Oh, this is so much of a painful subject for me to talk about but one that I feel, has taught me some of my best lessons. Take last weekend for instance. A great weekend with my partner and friends listening to some amazing Blues music. No stress,, just chilling out . On Saturday night, I watched a gentleman who is well known around our town for being an outstanding blues slide guitarist and believe me, he did not disappoint. He was on it from the word go. Then on Sunday, it was advertised for a guy from the USA. His poster said he was a Delta blues player. (For those of you who are not in the Blues world, the Delta blues is where it all began, the original slide, deep down Mississippi sound). You can imagine my excitement at being able to watch and listen to someone who had those roots. Now before I go any further, I play slide guitar myself and consider myself fairly competent. So when the gentleman started to play in this very rough style, not the exacting way I was used to, I have to admit I was disappointed. In fact, I didn’t like it. Yet, my friend, who has forgotten more about the Blues than I will ever know found him to be outstanding. So began my mental battle. I spoke to a few others, including the guy who had played the previous evening, all said the same thing. The guy was a real blues player. I have to say I was getting quite annoyed, and with that a little frustrated. Even to the point where a few comments left my lips that I now regret. Anyway, I sat down for the second set and decided just to listen with an open mind. I started listening to the stories he was telling which lead into the music he was playing and I started to get more and more in to it. All of a sudden, Bingo!! I got it. I was watching somebody telling me a story of his life and just using music to do so. Then it really hit me, I had been judging this guy on my own standards which were actually nowhere near this guys. I felt so ashamed. I had been putting down a very nice guy just because I thought I was better. I couldn’t have been more wrong. I had a few words with him after and had to apologise just for my thoughts. I also told him he had taught me a huge lesson.
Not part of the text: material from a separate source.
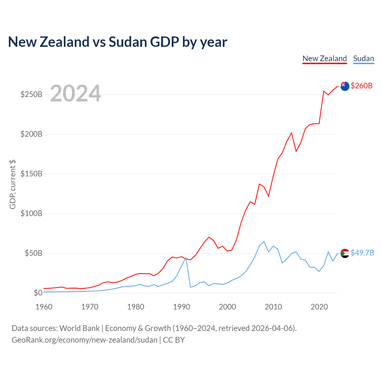 New Zealand vs Sudan GDP by year

The bible teaches us to live in harmony with one another. Do not be proud, but be willing to associate with people of low position. Do not be conceited. (Romans 12:16). and this past weekend I have had another one of those life lessons telling me that I am not perfect and still just a christian in training. I am not, by any means, there yet. Another great verse in the bible that brings this all home is found at 1 Peter 3: 3-4. “Your beauty should not come from outward adornment, such as elaborate hairstyles and the wearing of gold jewelry or fine clothes. Rather, it should be that of your inner self, the unfading beauty of a gentle and quiet spirit, which is of great worth in God’s sight.”.
So yes, this weekend I was week, I judged wrongly and found humility in a very big, nasty tasting pill but it is one I made myself. When we go out in to the world we very often like to give the physical, external impression that we are good people, we like to present ourselves to impress others. We should really be concentrating on our soul and our inner self. By showing humility and being wise, generous and kind, others will know what kind of person we are and in turn God will see too. I personally hope that this has brought me to a better place in my life. But please remember, we are not perfect, any of us. But we can try to be better people.